(Beginning of GIVEN DATA)
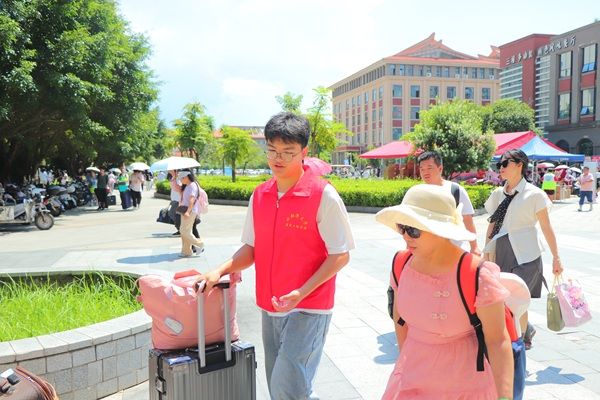 迎新活动当日,学院党委书记任才茂、院长杨松、副书记韦静月、副院长蒋琼明等领导亲临现场指导迎新工作,并与新生和家长亲切交谈,让初来乍到的同学们感受到了学院的温暖与关怀。在新生报到手续办理现场,新生班主任、辅导员、新生班助们等接待服务工作人员认真核验登记学生信息,耐心解答新生问题,指导学生完成报到手续。迎新志愿者们身着统一志愿服,以专业高效的新生报到接待服务,引导新生和家长到报到点进行报到,给新生及家长送上矿泉水和板凳,并帮助新生搬运行李,引导办理相关入住手续,热心协助新生顺利完成各项报到流程。
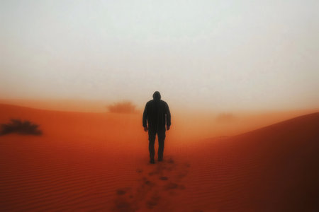 Surreal scene of a lonely man walking in the rain in a red desert, creating a mysterious and evocative atmosphere
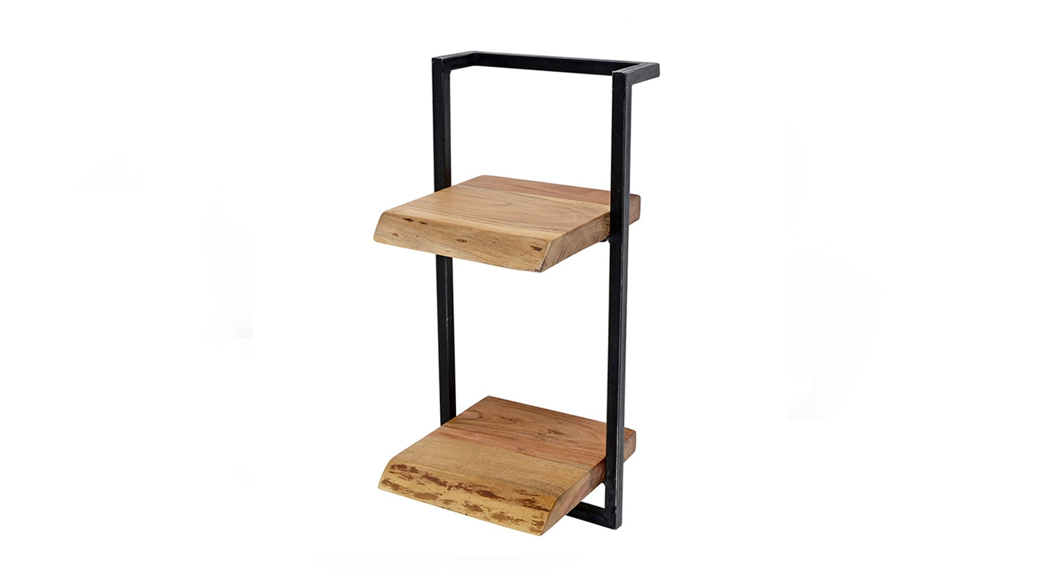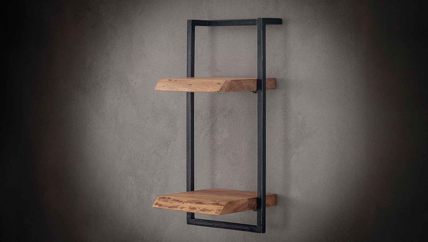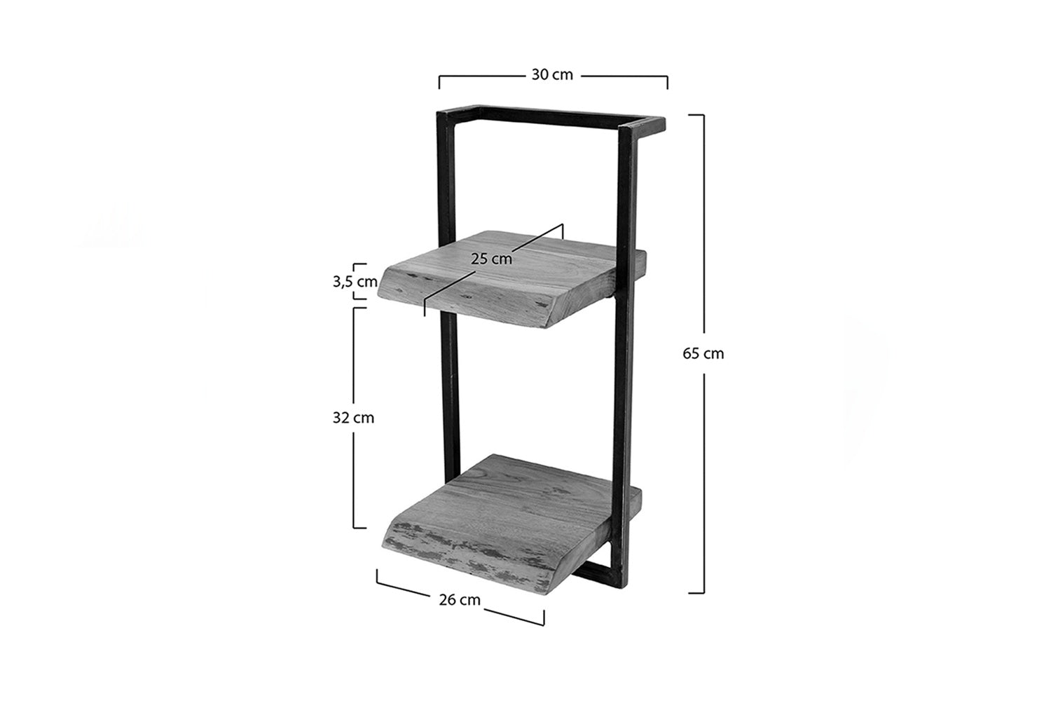 Das KAWOLA Wandregal ERGEA mit den Maßen 30 x 65 cm ist eine stilvolle Ergänzung für Ihr Zuhause, die natürliche Schönheit und industriellen Charme perfekt vereint. Es besteht aus zwei jeweils 26 cm breiten Regalen aus massivem Akazienholz, die an einem robusten Vintage-Stahlrahmen befestigt sind. Die Enden der Holzfächer weisen eine stabile, geschliffene Baumstammform auf, die dem Regal ein authentisches und robustes Aussehen verleiht. Dieses Wandregal ist Teil einer passenden Serie und lässt sich problemlos mit anderen Größen kombinieren, um eine individuelle und verspielte Regalwand zu gestalten. Die Montage ist dank zweier Befestigungsösen einfach und sicher an der Wand.
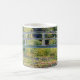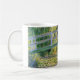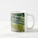 Monet Japanese Bridge with Water Lilies mug. Oil painting on canvas from 1899. Monet painted the Japanese style bridge above his water lily pond at Giverny multiple times throughout his long career. This is one of the most famous of Monet’s Japanese Bridge paintings. The work features the bridge at mid morning with the sun streaming down upon the light green lily pads and pink lily flowers blooming in the pond below. The bridge itself is soft green and blue. A pretty gift for fans of Claude Monet, Impressionism, and French Landscape paintings.
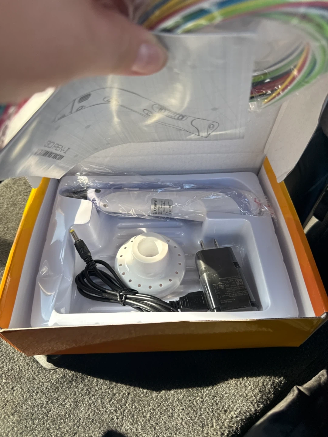 This 3D pen comes with multiple colours of PLA plastic feeding. It's designed for drawing your creations in 3D. The kit includes the pen, a stand, power adapter and PLA filaments.
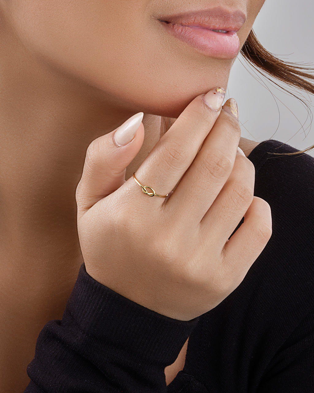 This Thin Love Knot Ring by Eye Candy LA is a delicate symbol of everlasting love and connection. Its elegantly intertwined knot design represents the unbreakable bond between two souls, making it a meaningful gift for someone special. Whether worn as a promise ring or a daily reminder of love, its timeless design complements any style. Available in gold, silver, and rose gold tones.
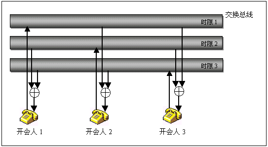 由于會(huì)議的資源是分布在各個(gè)通道,因此電話會(huì)議功能可以具有極大的靈活性,只有一塊卡的小系統(tǒng)也可以擁有電話會(huì)議功能,既可以召開所有通道參加的大會(huì)議,也可以同時(shí)召開一系列參加人數(shù)不同的小會(huì)議,會(huì)議功能的各項(xiàng)指標(biāo),如會(huì)議數(shù)目,會(huì)議參加人數(shù),發(fā)言人數(shù)等基本上都不受限制。下圖以一個(gè)三方會(huì)議的實(shí)現(xiàn)說明分布式電話會(huì)議的概念。
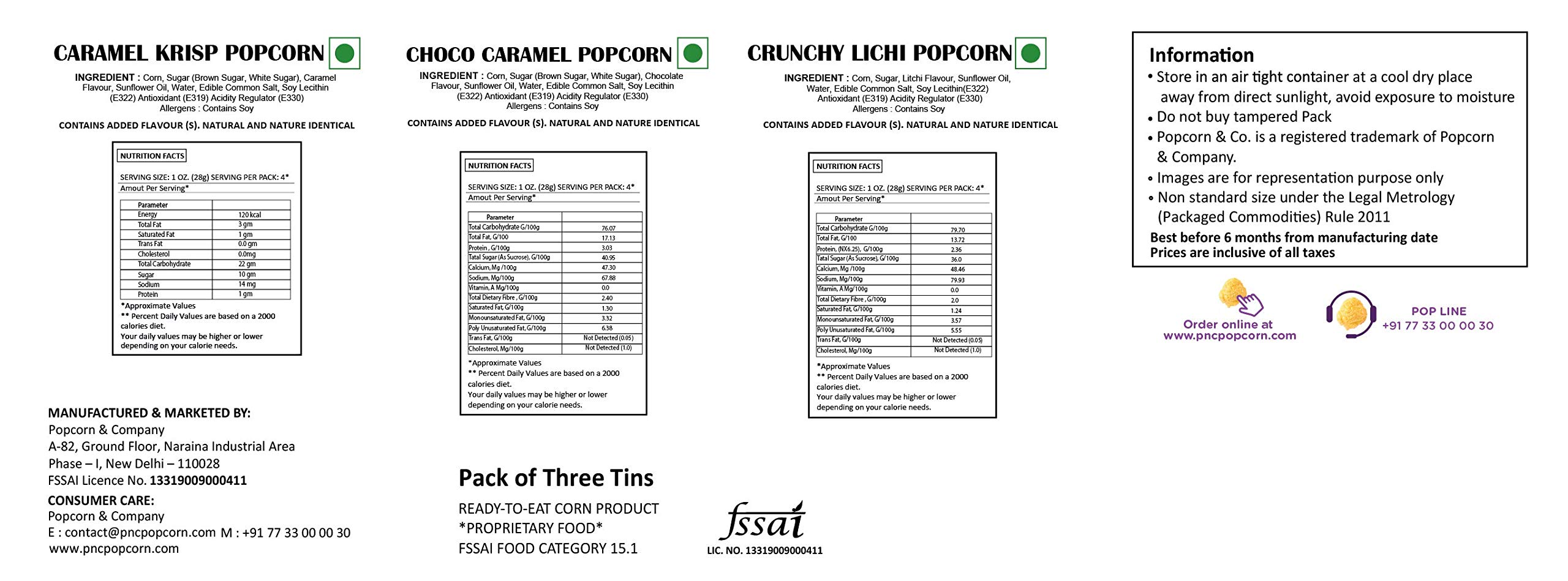 Popcorn & Co 100% Whole Grain Caramel Krisp Popcorn Crunchy Lichi Popcorn & Choco Caramel PopcornFlavoured Popcorn Gourmet Popcorn Ready to Eat Popcorn Regular Tin (390 Grm Pack of 3).Caramel Krisp Popcorn Crunchy Lichi Popcorn & Choco Caramel Popcorn Regular Tin (Pack of 3) 390 GM 1. Freshly handmade in small batches. 2. Raw kernels sourced from world’s best corn kernel fields. 3. 100% whole grain Gluten free made with Non-GMO popcorn kernel. 4. Perfect anytime snack; pairs well with all kinds of alcoholic & nonalcoholic beverages. 5. Popular gifting options for festivals holidays or any celebration.
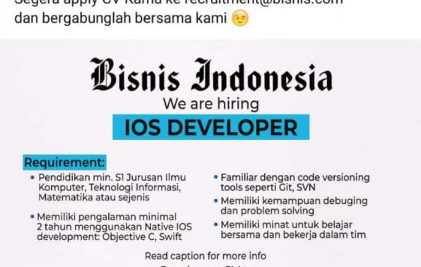 Bisnis Indonesia Group membuka kesempatan untuk bergabung dan berkarya di posisi: iOS Developer
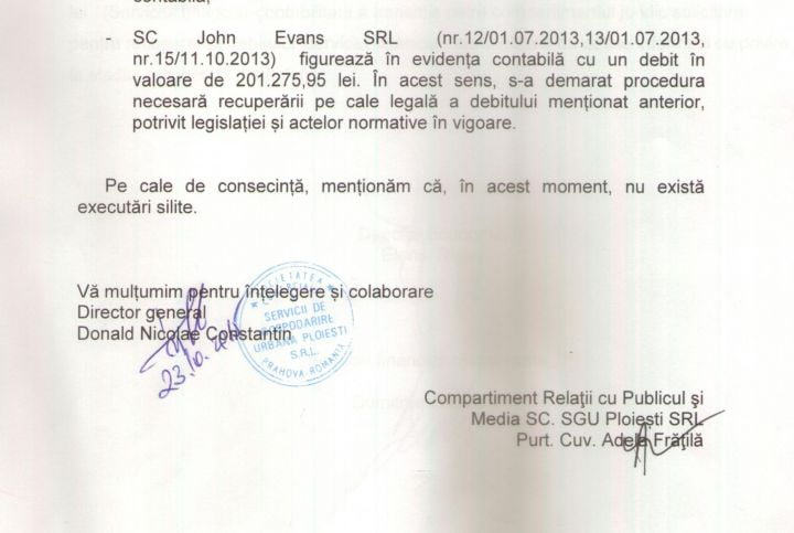 La solicitarea observatorulph.ro, conducerea SGU Ploiești a transmis că firma John Evans SRL, cu care a încheiat contracte de închiriere a spațiilor comerciale în iulie 2013, a acumulat datorii de 201.275 lei. În condițiile în care chiria percepută este modică, 2 euro/mp, se pare că firma respectivă nu a plătit de luni bune chiria către administratorul stadionului.
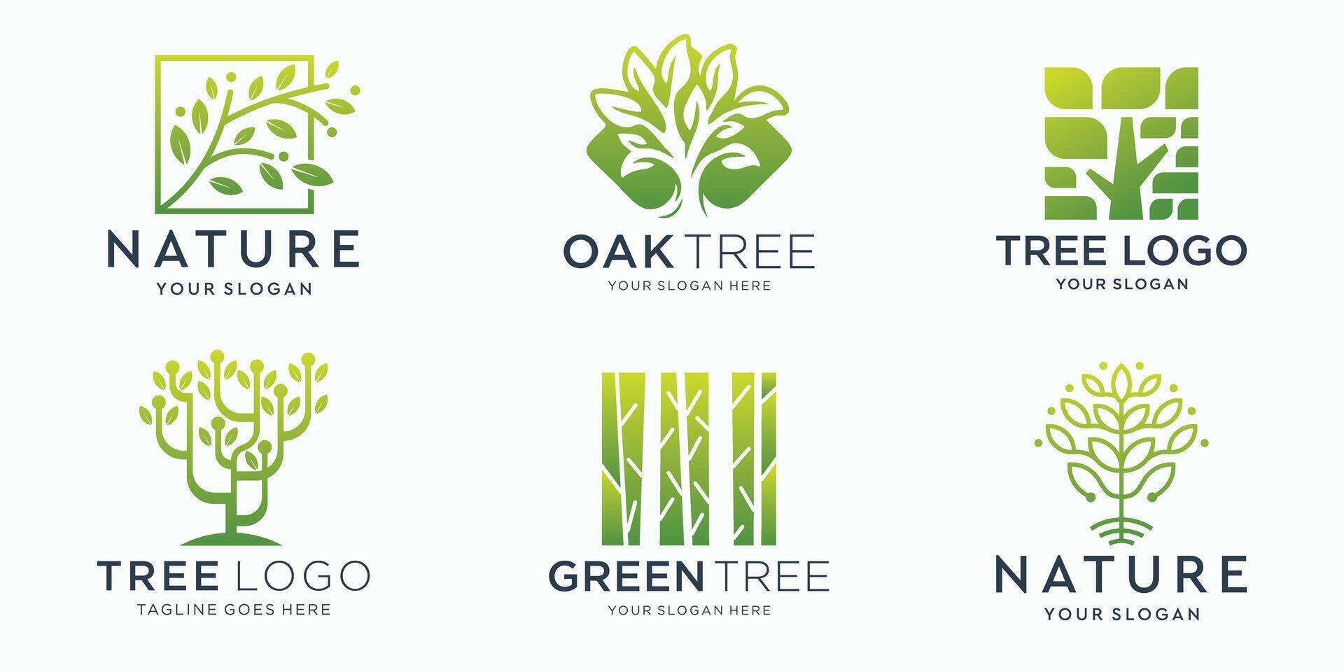 Set of logos with the icon of a tree abstract design template. Pro Vector
(End of GIVEN DATA)
EXERCISE:
Retype, exactly and with no pictures, everything above from the line with "Popcorn & Co" down to the line with "Bisnis Indonesia Group", both included.

RESPONSE TO THE EXERCISE:
 Popcorn & Co 100% Whole Grain Caramel Krisp Popcorn Crunchy Lichi Popcorn & Choco Caramel PopcornFlavoured Popcorn Gourmet Popcorn Ready to Eat Popcorn Regular Tin (390 Grm Pack of 3).Caramel Krisp Popcorn Crunchy Lichi Popcorn & Choco Caramel Popcorn Regular Tin (Pack of 3) 390 GM 1. Freshly handmade in small batches. 2. Raw kernels sourced from world’s best corn kernel fields. 3. 100% whole grain Gluten free made with Non-GMO popcorn kernel. 4. Perfect anytime snack; pairs well with all kinds of alcoholic & nonalcoholic beverages. 5. Popular gifting options for festivals holidays or any celebration.
 Bisnis Indonesia Group membuka kesempatan untuk bergabung dan berkarya di posisi: iOS Developer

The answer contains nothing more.